» Task: Only the pictures are dropped. Restate each line below word for word.

··········

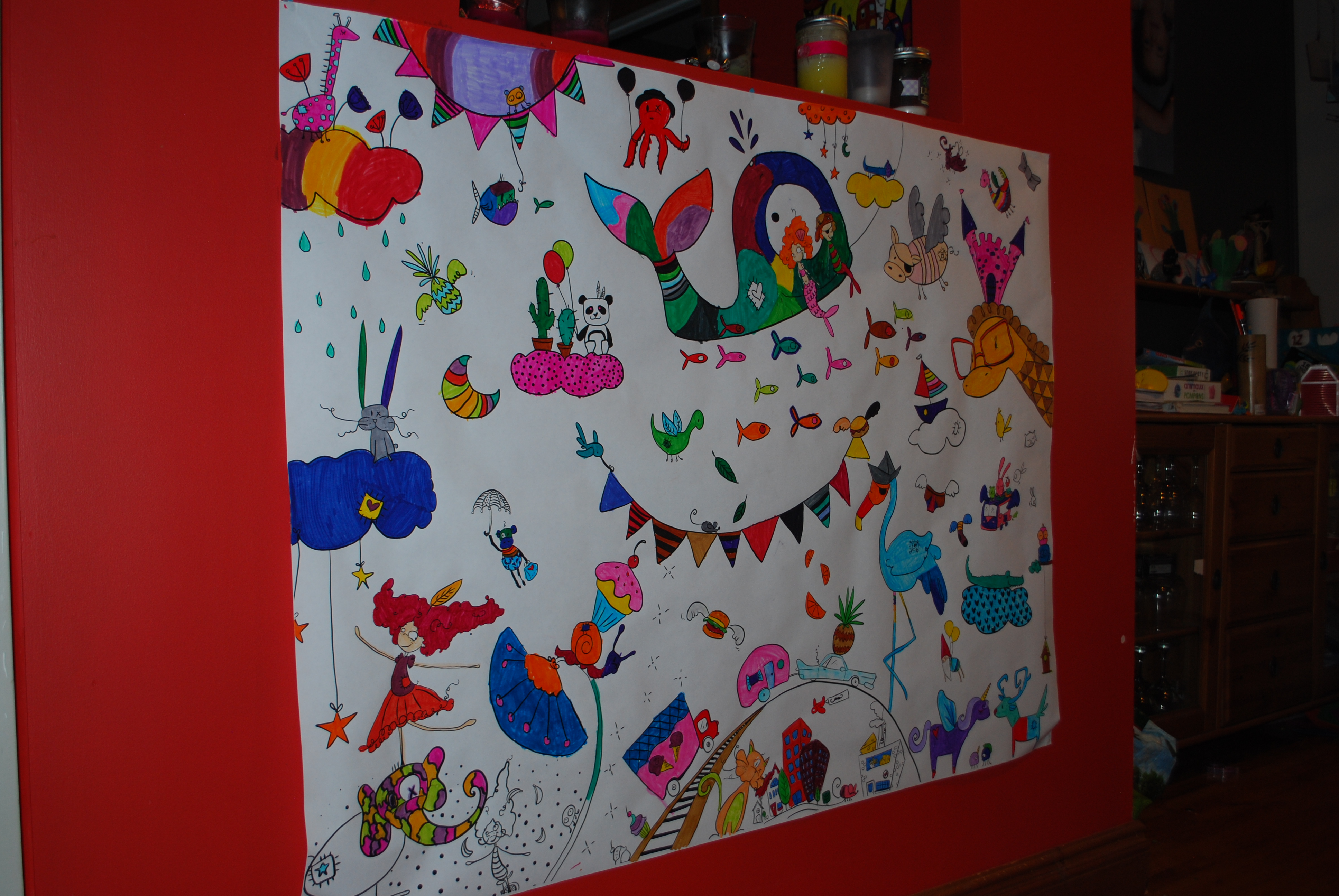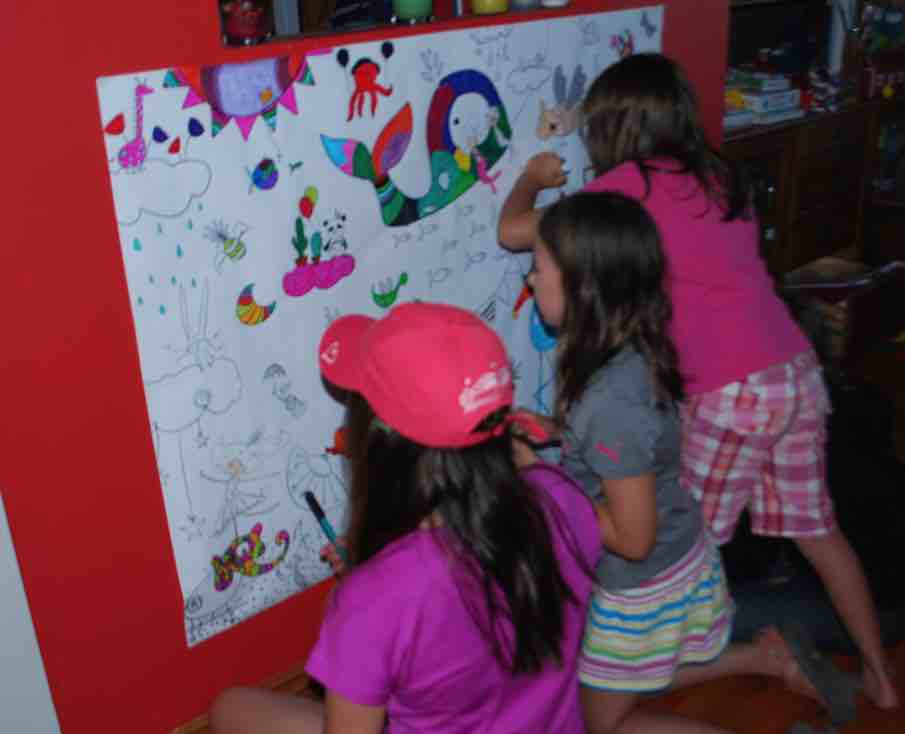 Au départ, ils dessinaient en groupe. Surtout les filles avec les filles et les garçons avec les garçons. Par la suite, le coloriage de l’affiche se réalisait plus lors de transition d’activités. Quand un rentrait de dehors pour prendre une collation ou tout simplement pour se rendre à la salle de bain, il passait devant l’affiche et coloriait un ou deux dessins. À tous les jours, quelqu’un ajoutait un peu de couleur
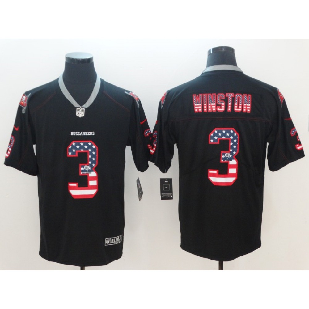 Men's Tampa Bay Buccaneers #3 Jameis Winston Black 2018 USA Flag Fashion Color Rush NFL Limited Jersey quantity
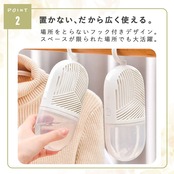 フック付きで、クローゼットのバーや洗面所のタオル掛け、室内物干しなどに吊るすだけ。
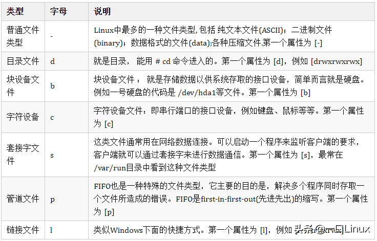 Linux文件属性一共7种:
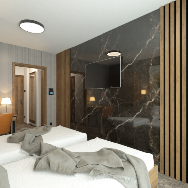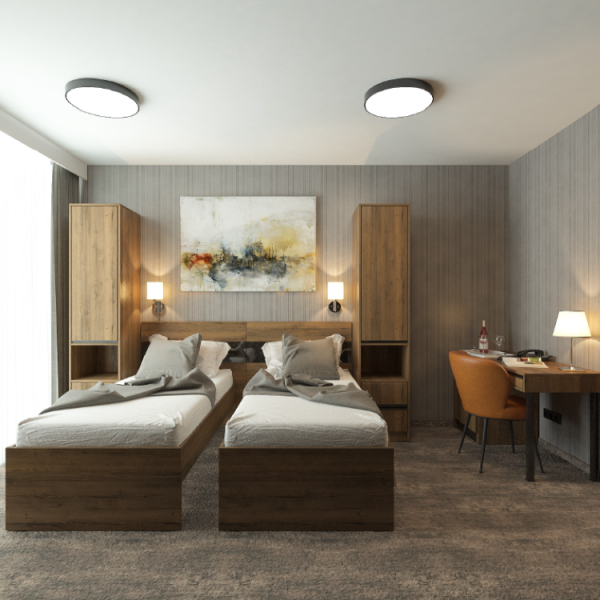 Dvoulůžkový pokoj vybavený TV, sociálním zařízením, telefonem, připojením na internet a chladničkou.
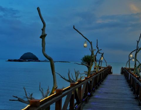 兰卡威鹰海湾海鲜坊由华人达哥创立,位于马来西亚著名旅游岛兰卡威。餐厅建于风景优美的海边,并在海上搭建卡座,环境幽雅,坐在餐厅用餐,吹着海风,让人心情舒畅,心旷神怡。餐厅每个布置,都蕴含着老板达哥的创意跟心思。餐厅自建海上渔排,游客可上渔排自行钓鱼。
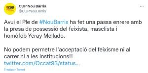 Además, desde el perfil oficial de los antisistema de la CUP en Nou Barris, se han vertido todo tipo de insultos hacía el nuevo conseller del distrito «machista«, «fascista» y «homófobo«. Conviene recordar que Cataluña se encuentra en manos de este partido. Nada más que añadir.
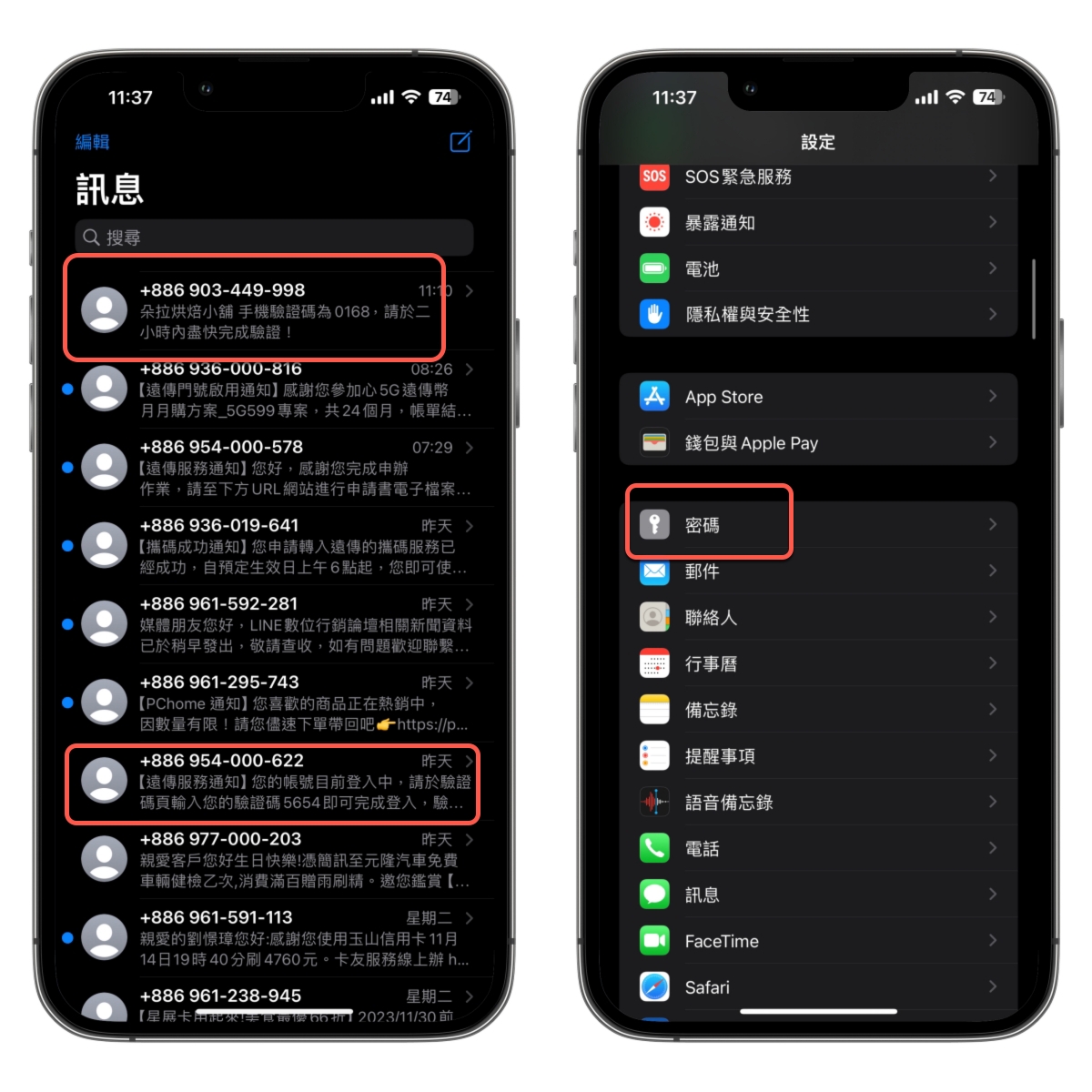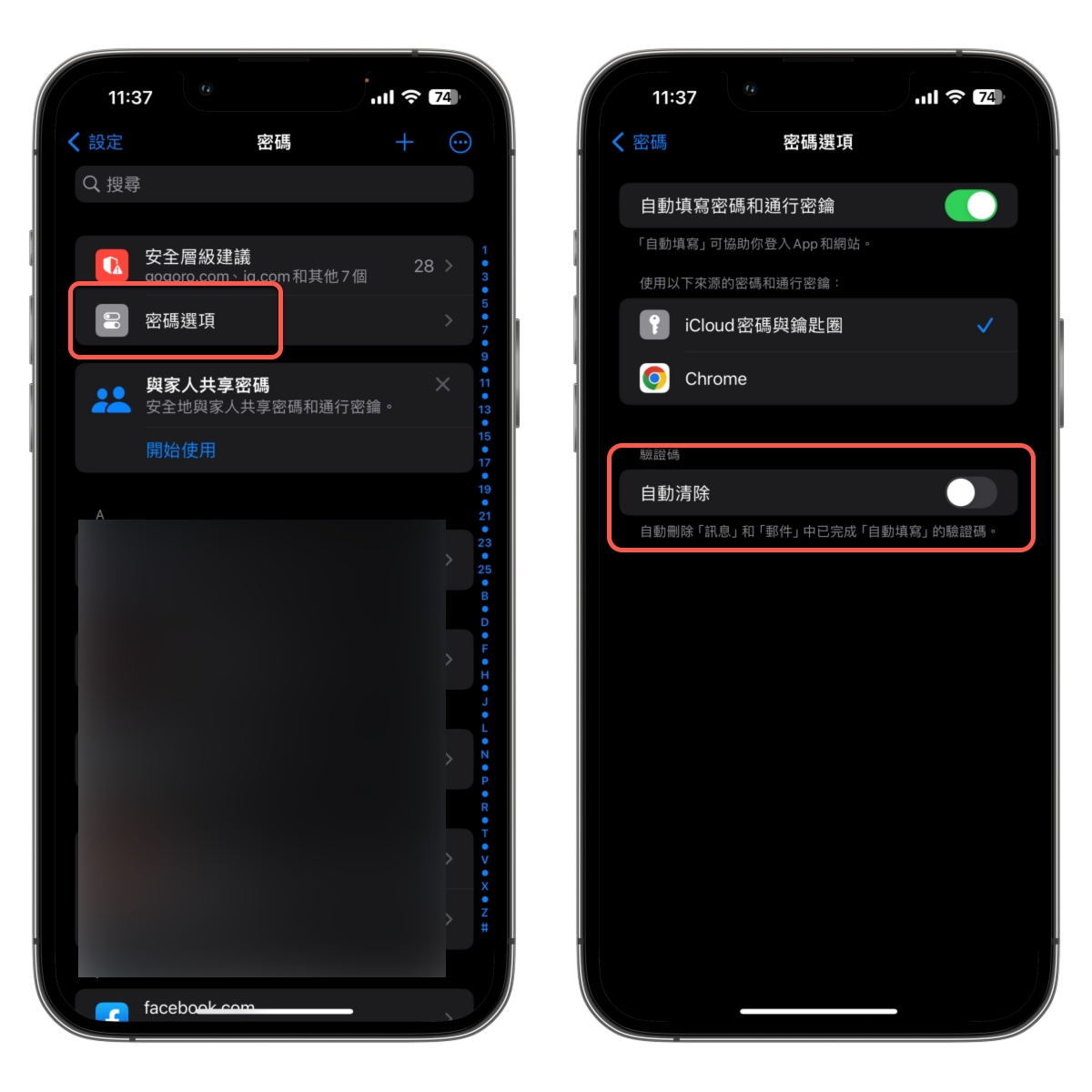 平常我們收到的簡訊或信件驗證碼,一整年下來應該都會累積不少,而這些平常你也很懶的去手動刪除,這時你可以開啟自動清除,就不用手動來做這件事,在設定 > 密碼。

··········

» Task solution:
 Au départ, ils dessinaient en groupe. Surtout les filles avec les filles et les garçons avec les garçons. Par la suite, le coloriage de l’affiche se réalisait plus lors de transition d’activités. Quand un rentrait de dehors pour prendre une collation ou tout simplement pour se rendre à la salle de bain, il passait devant l’affiche et coloriait un ou deux dessins. À tous les jours, quelqu’un ajoutait un peu de couleur
 Men's Tampa Bay Buccaneers #3 Jameis Winston Black 2018 USA Flag Fashion Color Rush NFL Limited Jersey quantity
 フック付きで、クローゼットのバーや洗面所のタオル掛け、室内物干しなどに吊るすだけ。
 Linux文件属性一共7种:
 Dvoulůžkový pokoj vybavený TV, sociálním zařízením, telefonem, připojením na internet a chladničkou.
 兰卡威鹰海湾海鲜坊由华人达哥创立,位于马来西亚著名旅游岛兰卡威。餐厅建于风景优美的海边,并在海上搭建卡座,环境幽雅,坐在餐厅用餐,吹着海风,让人心情舒畅,心旷神怡。餐厅每个布置,都蕴含着老板达哥的创意跟心思。餐厅自建海上渔排,游客可上渔排自行钓鱼。
 Además, desde el perfil oficial de los antisistema de la CUP en Nou Barris, se han vertido todo tipo de insultos hacía el nuevo conseller del distrito «machista«, «fascista» y «homófobo«. Conviene recordar que Cataluña se encuentra en manos de este partido. Nada más que añadir.
 平常我們收到的簡訊或信件驗證碼,一整年下來應該都會累積不少,而這些平常你也很懶的去手動刪除,這時你可以開啟自動清除,就不用手動來做這件事,在設定 > 密碼。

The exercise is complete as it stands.